### AVAILABLE DATA
---+---

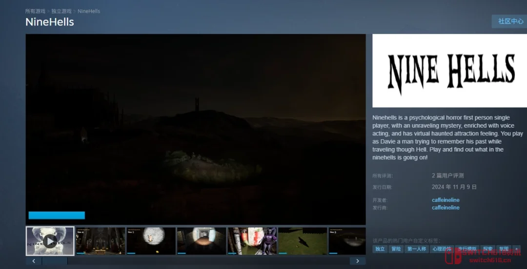 兄弟们!Steam又双叒叕白嫖了!这次是心理恐怖游戏《NineHells》,截止到4月20日之前入库,想入的抓紧了,手慢无!
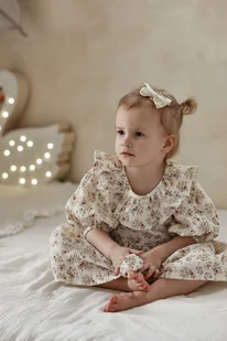 Przedmiotem tej aukcji jest sukienka dla dziewczynki, rozm. 104 Sukienka dla dziewczynki i lalki z muślinu, cynamonowa łączka na kremie, Wielkanoc. Wiosenno ...
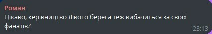Роман: Цікаво, керівництво Лівого берега теж вибачиться за своїх фанатів?
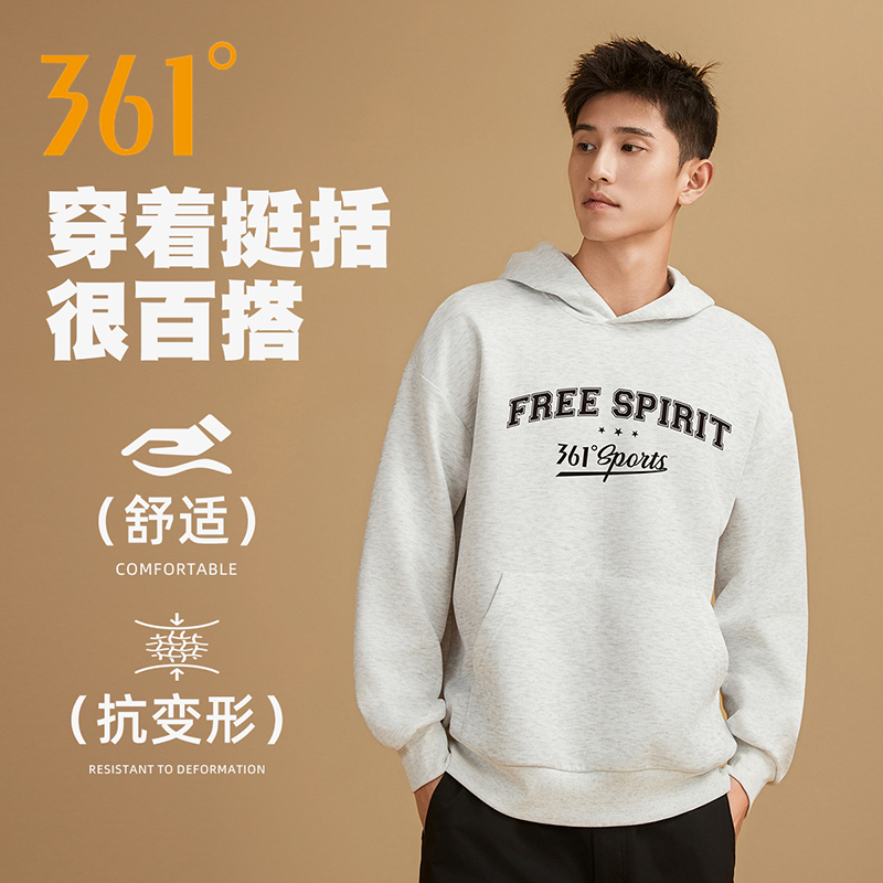 长袖 361运动卫衣男2025秋季 男装 加绒套头衫 男生运动服 圆领男士

---+---

### TASK DIRECTIONS
Only the pictures are to be omitted; restate everything else above exactly.

### EXERCISE RESPONSE
 兄弟们!Steam又双叒叕白嫖了!这次是心理恐怖游戏《NineHells》,截止到4月20日之前入库,想入的抓紧了,手慢无!
 Przedmiotem tej aukcji jest sukienka dla dziewczynki, rozm. 104 Sukienka dla dziewczynki i lalki z muślinu, cynamonowa łączka na kremie, Wielkanoc. Wiosenno ...
Роман: Цікаво, керівництво Лівого берега теж вибачиться за своїх фанатів?
 长袖 361运动卫衣男2025秋季 男装 加绒套头衫 男生运动服 圆领男士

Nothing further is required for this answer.